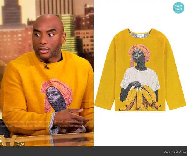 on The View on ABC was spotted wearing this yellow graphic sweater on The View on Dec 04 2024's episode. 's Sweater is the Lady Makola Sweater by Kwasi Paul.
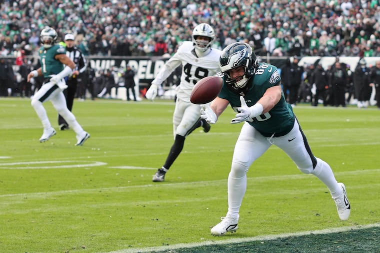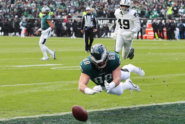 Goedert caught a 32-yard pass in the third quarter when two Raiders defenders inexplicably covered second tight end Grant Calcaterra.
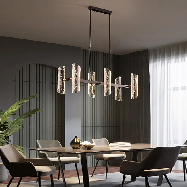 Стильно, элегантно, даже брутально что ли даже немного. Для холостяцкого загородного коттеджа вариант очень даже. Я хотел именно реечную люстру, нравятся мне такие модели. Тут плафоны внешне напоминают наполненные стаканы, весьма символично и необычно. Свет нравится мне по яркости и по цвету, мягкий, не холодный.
+ + + +
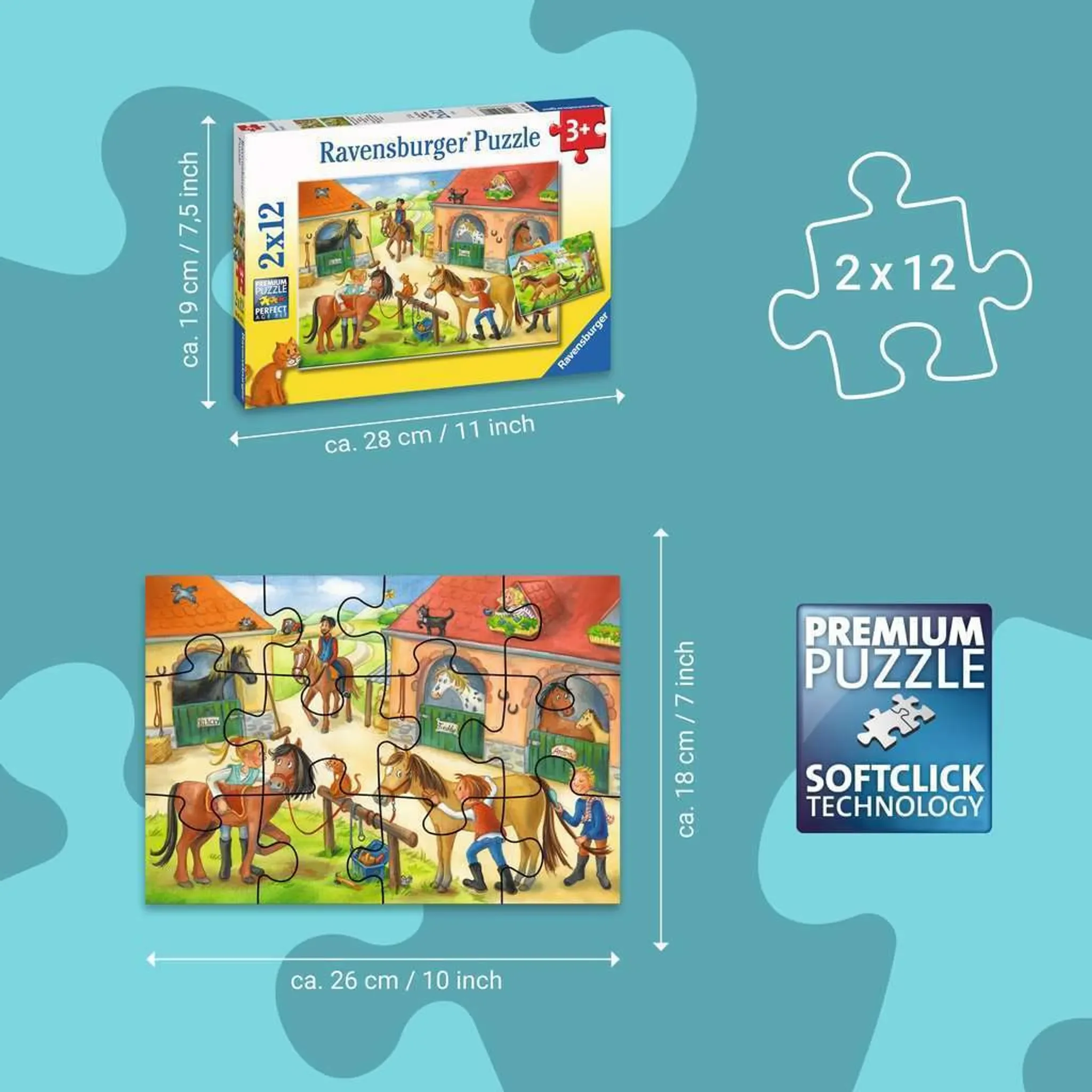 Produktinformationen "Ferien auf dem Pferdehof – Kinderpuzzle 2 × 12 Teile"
+ + + +
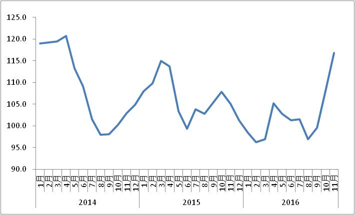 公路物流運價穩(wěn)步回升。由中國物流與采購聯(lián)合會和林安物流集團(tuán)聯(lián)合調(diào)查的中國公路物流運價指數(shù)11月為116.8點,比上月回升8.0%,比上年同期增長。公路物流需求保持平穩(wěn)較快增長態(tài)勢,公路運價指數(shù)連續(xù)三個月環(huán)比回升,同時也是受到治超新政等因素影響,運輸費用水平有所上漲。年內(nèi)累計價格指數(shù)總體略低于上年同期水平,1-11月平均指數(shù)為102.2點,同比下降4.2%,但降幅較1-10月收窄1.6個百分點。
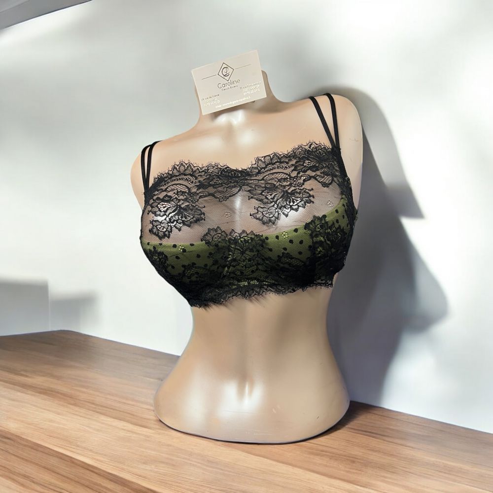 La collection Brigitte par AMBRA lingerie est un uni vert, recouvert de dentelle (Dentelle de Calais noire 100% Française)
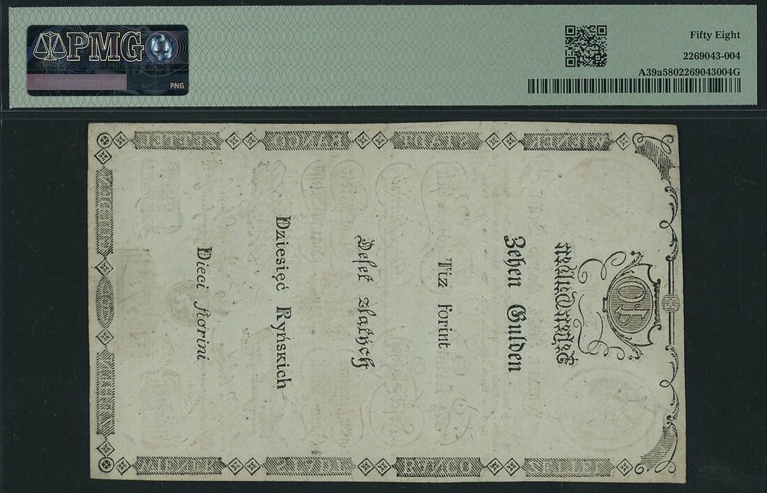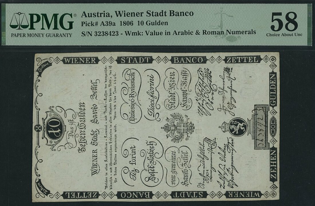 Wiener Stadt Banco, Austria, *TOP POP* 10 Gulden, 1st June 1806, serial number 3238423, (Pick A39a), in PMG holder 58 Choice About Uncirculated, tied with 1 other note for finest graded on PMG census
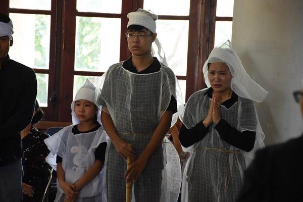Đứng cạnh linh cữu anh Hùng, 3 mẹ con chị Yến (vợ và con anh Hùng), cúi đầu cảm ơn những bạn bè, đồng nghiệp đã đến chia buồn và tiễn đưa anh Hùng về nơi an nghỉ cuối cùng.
+ + + +
Description of the task =
Only one stretch of the material above is wanted: the line containing "on The View on ABC" through the line containing "Стильно, элегантно, даже". Restate it word for word, minus the pictures.

Answer box =
 on The View on ABC was spotted wearing this yellow graphic sweater on The View on Dec 04 2024's episode. 's Sweater is the Lady Makola Sweater by Kwasi Paul.
 Goedert caught a 32-yard pass in the third quarter when two Raiders defenders inexplicably covered second tight end Grant Calcaterra.
 Стильно, элегантно, даже брутально что ли даже немного. Для холостяцкого загородного коттеджа вариант очень даже. Я хотел именно реечную люстру, нравятся мне такие модели. Тут плафоны внешне напоминают наполненные стаканы, весьма символично и необычно. Свет нравится мне по яркости и по цвету, мягкий, не холодный.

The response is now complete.